Back To The Future: AlphaGo, Monte Carlo Tree Search, and Simulation-based Algorithms for Markov Decision Processes
Back To The Future: AlphaGo, Monte Carlo Tree Search, and Simulation-based Algorithms for Markov Decision Processes 
2017 / 06 / 23 / PM 4:00 - 5:00
Location: 301 - 204
Speaker: Prof. MICHAEL C. FU
MICHAEL C. FU holds the Smith Chair of Management Science in the Decision, Operations and Information Technologies Department of the Robert H. Smith School of Business, with a joint appointment in the Institute for Systems Research and an affiliate appointment in the Department of Electrical & Computer Engineering (both in the Clark School of Engineering), all at the University of Maryland. He received an S.B. in mathematics and S.B./S.M. in EECS from MIT in 1985 and a Ph.D. in applied mathematics from Harvard in 1989. His research interests include simulation optimization and applied probability, particularly with applications towards supply chain management and financial engineering. In 2004 he was named a Distinguished Scholar-Teacher at the University of Maryland. He is a Fellow of INFORMS and IEEE.

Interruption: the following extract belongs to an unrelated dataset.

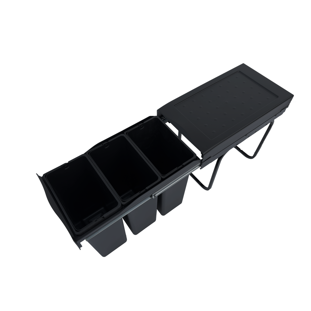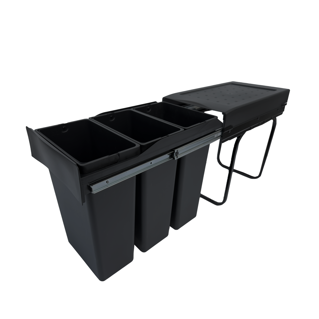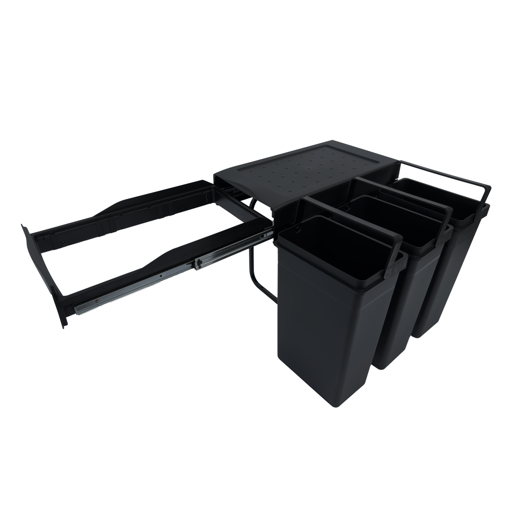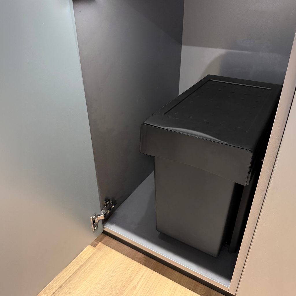 Affaldssystemet er produceret i Italien og fremstillet af sort genbrugsplast og stål. Udtrækket kører på kuglelejer i elforzinket stål, hvilket sikrer en stabil og glidende bevægelse hver gang. Et miljøvenligt valg uden at gå på kompromis med kvaliteten.

In March 2016 in Seoul, Korea, Google DeepMind's AlphaGo, a computer Go-playing program, defeated the reigning human world champion Go player, 4-1, a feat far more impressive than previous victories by computer programs in chess (IBM's Deep Blue) and Jeopardy (IBM's Watson). AlphaGo combines several machine learning approaches, specifically deep neural networks with a technique called Monte Carlo tree search. Current versions of Monte Carlo tree search used in Go-playing algorithms trace their roots back to the adaptive multi-stage sampling simulation-based algorithm for estimating value functions in finite-horizon Markov decision processes (MDPs) introduced in a 2005 Operations Research article by Chang et al., which was the first to use Upper Confidence Bounds (UCBs) for Monte Carlo simulation-based solution of MDPs. UCBs are well known in the machine learning community for addressing the well-known exploration-exploitation tradeoff that arises in multi-armed bandit problems. After highlighting the high-level structure behind AlphaGo, we review the main ideas in UCB-based Monte Carlo tree search by describing the simulation-based MDP algorithm of Chang et al. (2005) and by using examples on decision trees and simpler games.